Oniva Pty Ltd’s plan to build a 39-room boarding house along with eight shops, a cafe and a co-working space in the town’s Bayside precinct has drawn strong opposition from neighbours. They say it is a major overdevelopment of the site that will result in severe parking, traffic and other amenity impacts for those living nearby.  

When Byron Council did not immediately approve the application, Oniva rushed to the LEC to appeal the ‘deemed refusal’ of its plan. So keen was the developer to commence proceedings, that it initiated them before the 40-day deemed refusal period had expired, and was forced to reapply four days later.

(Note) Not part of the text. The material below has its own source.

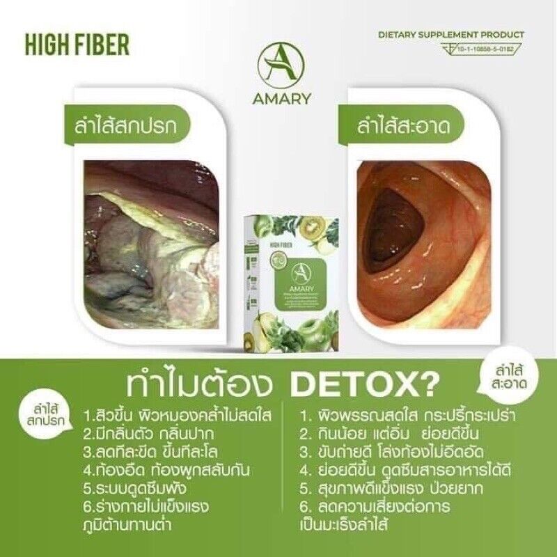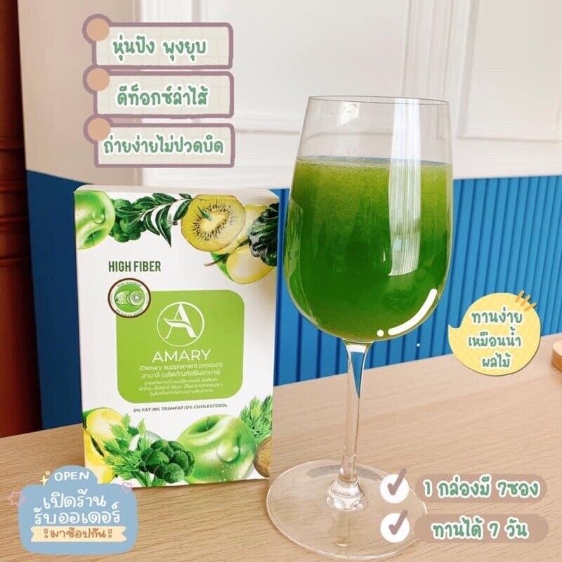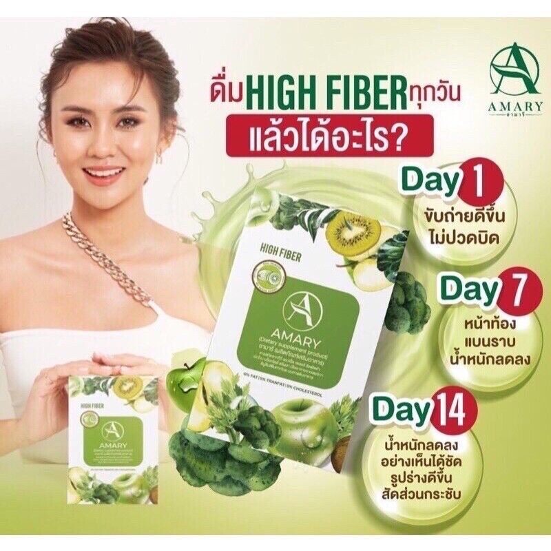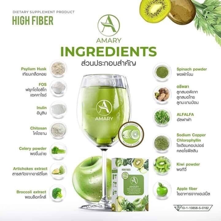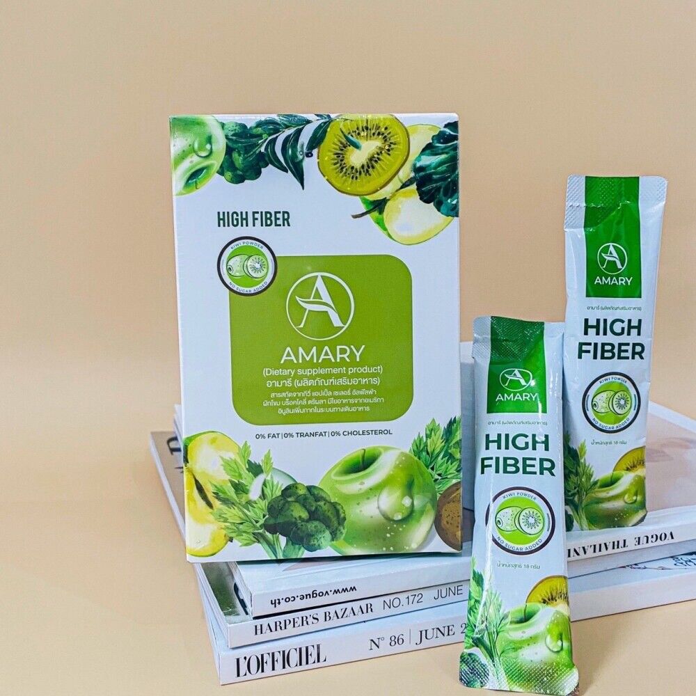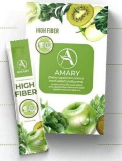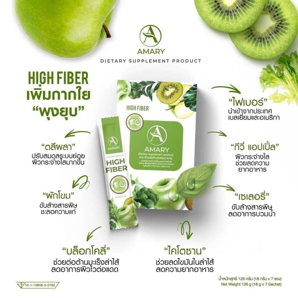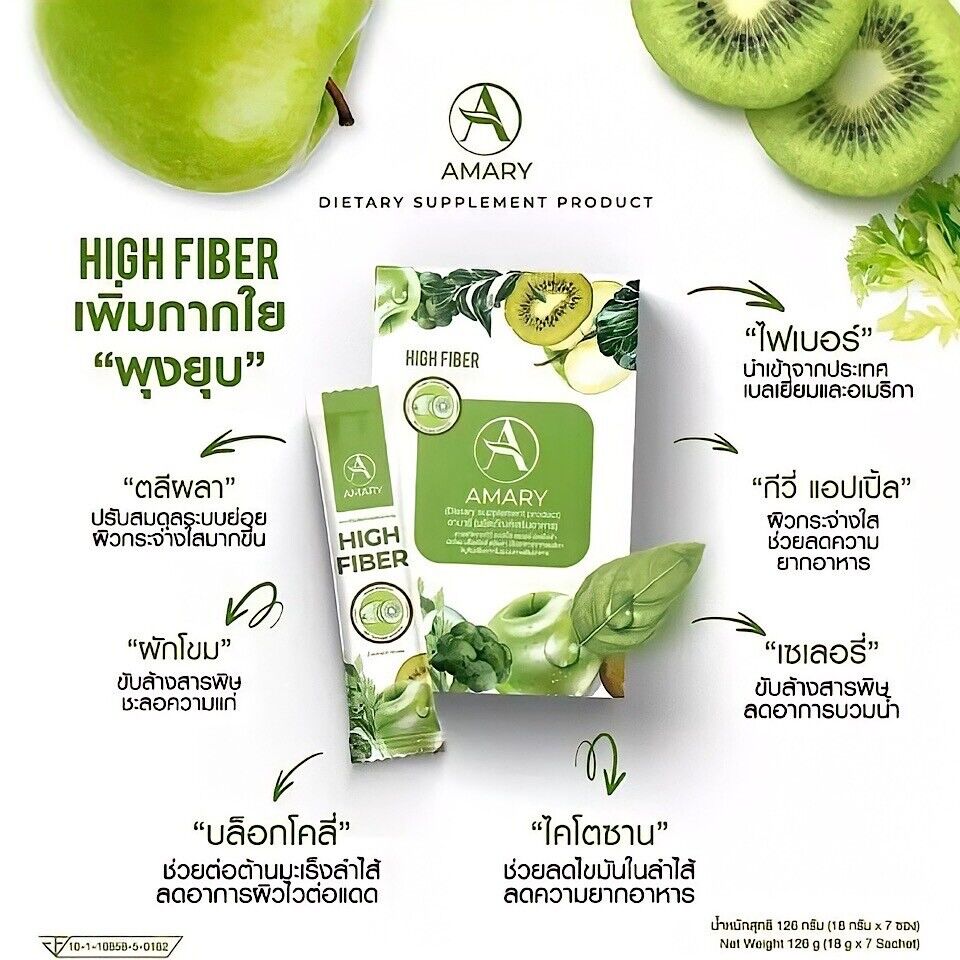 Amary High Fiber is a fiber dietary supplement that helps detox the intestines, improves the excretory system, helps control weight, helps brighten skin, promotes radiant skin, helps detox to reduce belly fats, promotes lean belly, promotes easy excretion, causes no twisted stomach and pain, helps reduce belly fats and accumulated body fats, reduces bad breath and body odor, and is easy to take. It has kiwi and apple flavor, has no sugar, and can be taken by diabetics. It provides only 60calories per 1 sachet.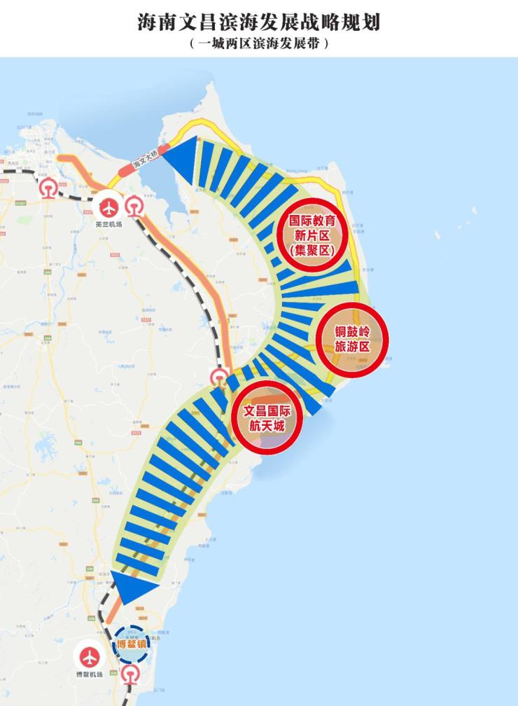 聚焦文昌北部“滨海发展带”,全面打造国际教育新片区(集聚区),形成与文昌国际航天城、铜鼓岭国际旅游区相互依托、相辅相成、相得益彰的“一城两区”滨海发展格局,并以此带动高端新型旅游康养服务于一体经济带的快速发展,从而打造海南自贸港建设中的新高地、新优势、新动能。

On March 15, around a month after the proceedings were lodged, lawyers for the two parties met for a compulsory conciliation meeting.

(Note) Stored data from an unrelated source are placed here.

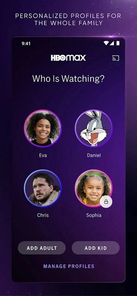 个性化的流媒体体验,最多可包含五个查看者个人资料。
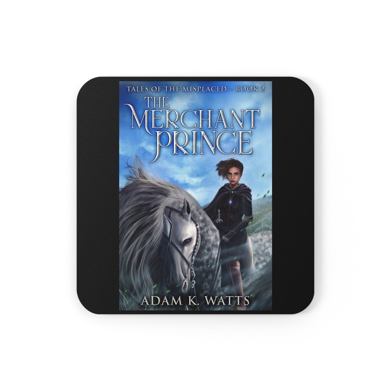 These coasters are made with a high-gloss top and feature a cork back to prevent sliding, and each order comes with a set of four coasters. The cover art in these coasters is from Adam K. Watts’s book, The Merchant Prince.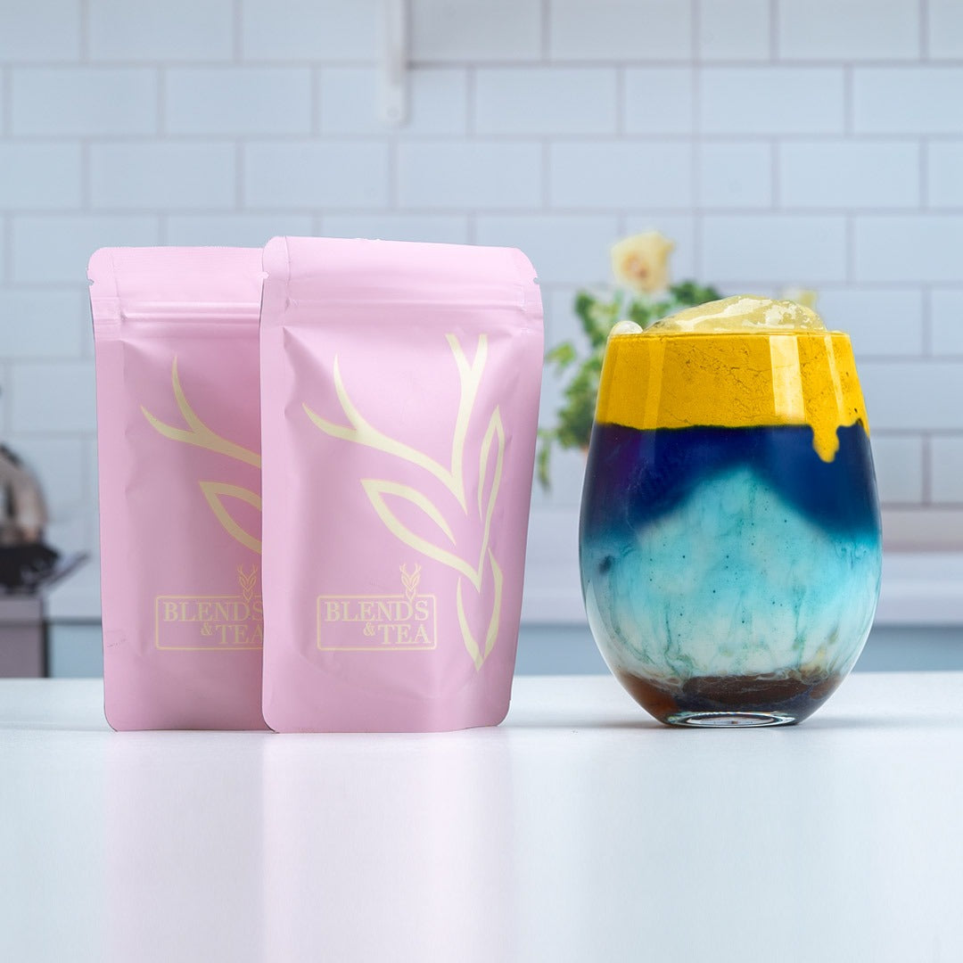 Una fusión mágica entre cúrcuma y flor de guisante mariposa en polvo. Este latte cambia de color con el pH y encanta con su estética y propiedades para el sistema nervioso.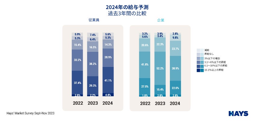 昨年と比較して大きく変化したのは、従業員が2024年の昇給はないと答えた割合で、29.3%から41.1%に上昇しました。また、減給と答えた割合も2.2%から4.8%に上昇。一方、昇給への期待は軒並み低下し、最も大きく落ち込んだのは3%以下の昇給でした(38.2%から28.9%)。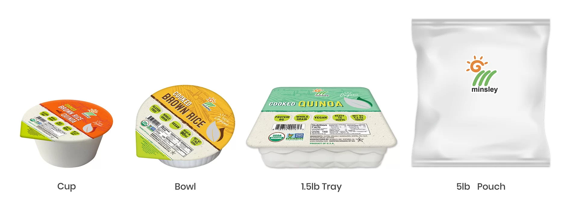 We produce fully-cooked, RTE (Ready-to-Eat) bulk sizes of rice, ancient grains (quinoa, farro…), beans, lentils, and more.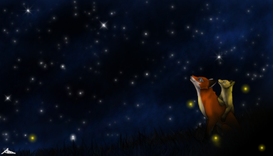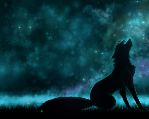 #fox #howling #love #moon #stars #together #wolf #fixen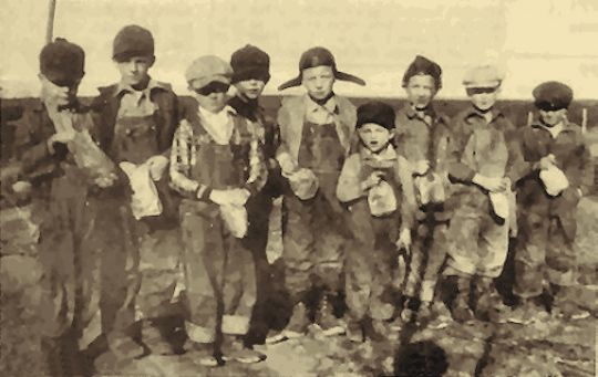 Dean Hubbard gave us this shot of a group of Breezy Hill School Boys examining their lunches on a cool day. The boys were identified as Galen Misfeldt, Dean Hubbard, Robert Soeller, Henry Fischer, Albert Huberty;, Roland Misfeldt, Henry Haas, Billy Krause, and Freddy Pagel.–from the Courier darkroom |

Council declined to comment on what occurred at the conference, when asked by The Echo last week.

However, The Echo understands that during the meeting, Oniva offered a revised DA in a bid to gain approval from Council.

The hearing was then adjourned to March 29 so that the matter could come back before this week’s full Council meeting on Thursday.

At that meeting, councillors will decide whether or not to authorise General Manager Mark Arnold to negotiate conditional approval of the plan as part of the court conciliation process.

This approach of delegating authority to Council’s GM to negotiate an approval during preliminary court proceedings has been followed on a number of occasions in the past two years.

While it has involved significant reductions in the size and scale of proposed developments in some cases, in other cases, it has drawn the ire of neighbours because it effectively leaves them out of the final discussions over what will be built. When a developer such as Oniva puts forward a revised plan there is no public consultation. Instead the GM decides whether or not to proceed based on the instructions from councillors.

The development appears to be a joint project involving Oniva and The Kollective.